Three and a half years ago, Aston Villa finished 17th in the Premier League, with no reason to dream of European nights under the lights. On Thursday, they will walk out at the City Ground for the biggest match in recent memory: a Europa League semi-final second leg against Nottingham Forest, with a place in the final on the line.
It is a transformation almost too remarkable to believe. Unai Emery arrived in October 2022 after Villa had failed to finish higher than 11th since returning to the top flight, a club wandering in the wilderness under Steven Gerrard's leadership. Now, under the Spanish coach, they are two legs from a European final and virtually assured of Champions League football next season.
"When I arrived here three and a half years ago, it was a dream to be playing a semi-final of the Europa League," Emery said. "Finishing the season like we are now, in the league and in a semi-final, it's really something fantastic."
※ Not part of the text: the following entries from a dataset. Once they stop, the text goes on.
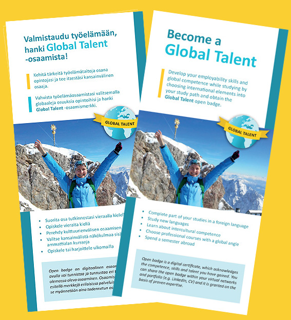 You want to encourage students to develop global competence during their university studies. Global Talent Open Badge is a reward for completing specific studies and having completed a study or work placement abroad. Global Talent Open Badge is also a quality assurance, since it is issued on behalf of the student’s home university. If your university values communication skills in many languages, intercultural competence and you encourage students to study or work abroad, then we encourage you to also start using Global Talent Open Badge.
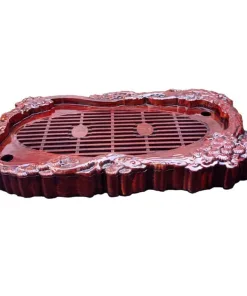 Khay trà được làm từ nhựa cao cấp. Màu sắc gỗ tự nhiên, bền đẹp. Khay trà này thuộc dòng khay trà có kích thước không quá lớn hoặc quá nhỏ, đa số phù hợp với phòng khách của người Việt.Phù Hợp với những bộ ấm chén cối xay hoặc bộ ấm chén theo phong cách Trung Hoa không dùng đĩa đựng chén.
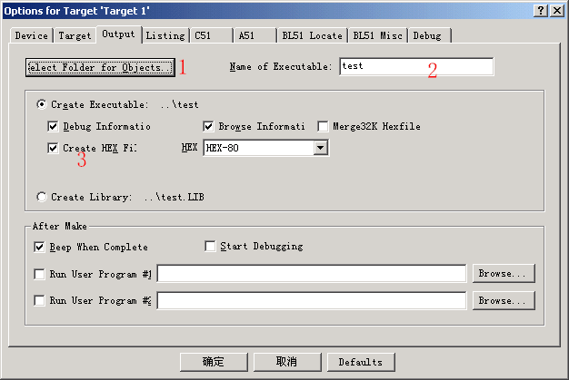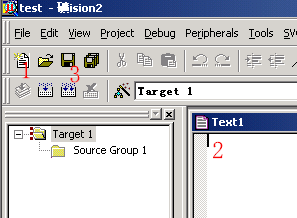 (3)首先我们要在项目中创建新的程序文件或加入旧程序文件。如果你没有现成的程序,那么就要新建一个程序文件。在KEIL中有一些程序的Demo,在这里我们还是以一个C程序为例介绍如何新建一个C程序和如何加到您的第一个项目中吧。点击图1-5中1的新建文件的快捷按钮,在2中出现一个新的文字编辑窗口,这个操作也可以通过菜单File-New或快捷键Ctrl+N来实现。好了,现在可以编写程序了,光标已出现在文本编辑窗口中,等待我们的输入了。第一程序嘛,写个简单明了的吧。下面是经典的一段程序,呵,如果你看过别的程序书也许也有类似的程序:
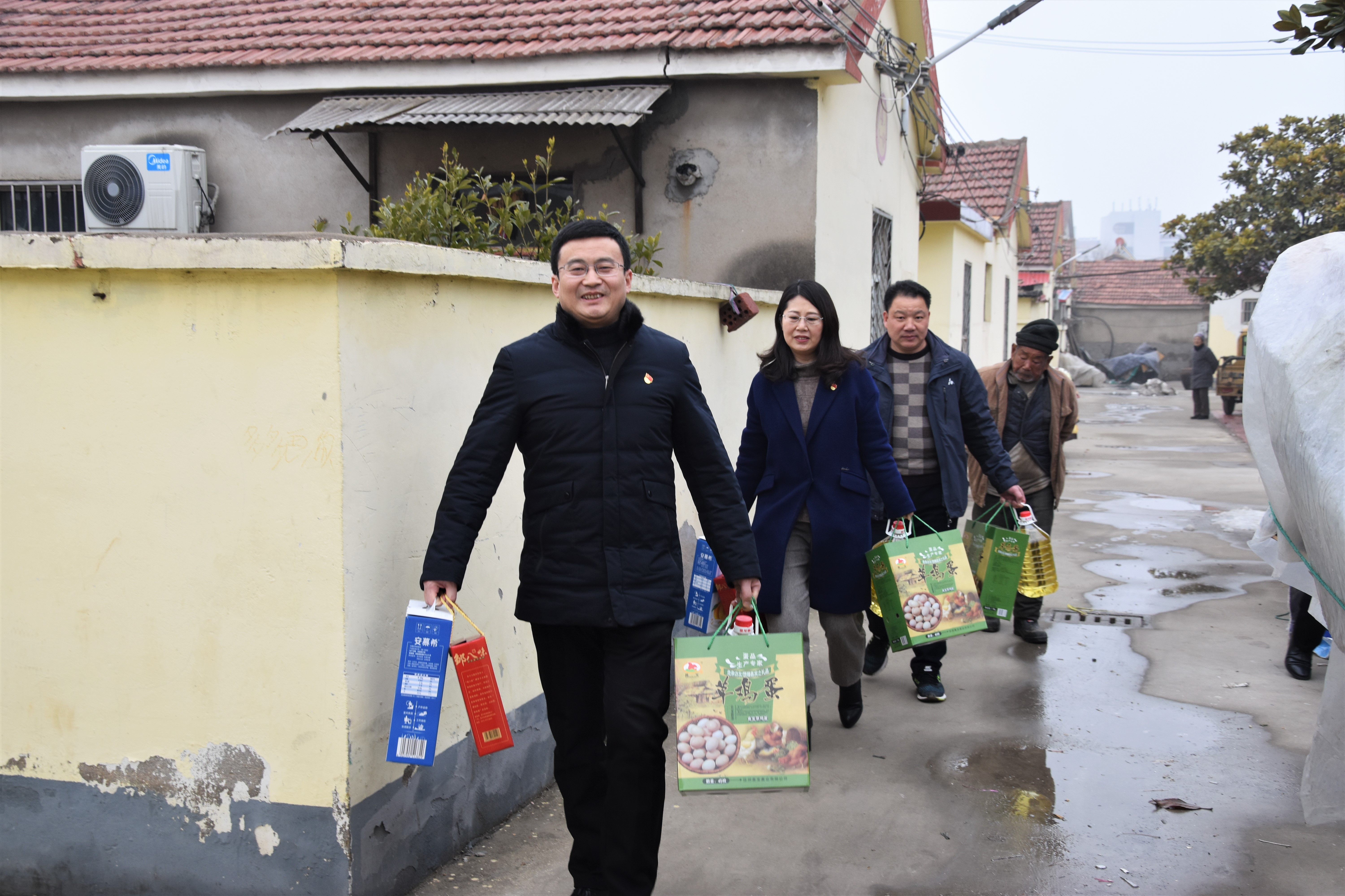 这是坐落在赣榆区青口镇中的一处城中村,是交通集团的文明共建单位,在老人们家中,吴心航仔细查看了老人的居住环境,检查了冬季取暖设备。“老人家,身体还好吧?冬天冷不冷啊?”一声声的问候和关怀温暖了老人们的心。吴心航代表交通集团向梁庄社区的老人们拜了个早年并向他们送去了新春的慰问。

The squad that will take the field carries the fingerprints of both the Dean Smith era and Emery's careful rebuilding. Tyrone Mings, John McGinn and Tammy Abraham started when Villa beat Derby in the 2019 Championship play-off final. Ezri Konsa and Douglas Luiz followed that summer. Ollie Watkins arrived a year later for a then-club record £28 million from Brentford, alongside Matty Cash and goalkeeper Emi Martínez — a collection of players who have grown from Championship level to Champions League contenders.
Emery, who has won the Europa League a record four times — three with Sevilla and once with Villarreal — has moulded this group into genuine European pedigree. The manager's private focus on this defining fixture, even amid a difficult run of results, has drawn quiet admiration from rival Premier League bosses, sources say.
Yet even as Villa chase glory on two fronts, change is coming. England forward Morgan Rogers, a star of this campaign, is the club's biggest asset as they navigate profit and sustainability rules. Jacob Ramsey left for Newcastle last summer for £40 million. The squad requires refreshing, and Emery and president of football operations Roberto Olabe — handpicked by the manager himself — are aligned on the vision: more youth, smart signings, and sustained competitiveness.
"We are improving, including myself, and we will have more challenges to set for the present or future," Emery said. "The players are enjoying the process we are doing... this is the greatest moment we are having in the last three years."
For Watkins, the message is clear: this moment matters. "This is the only moment when we will have all of the same players in the dressing room this year," he said. "We need to do everything we can to get to the end."
On Thursday, Villa have the chance to prove they belong among Europe's elite. For a club that was fighting relegation just years ago, the journey itself is already a triumph.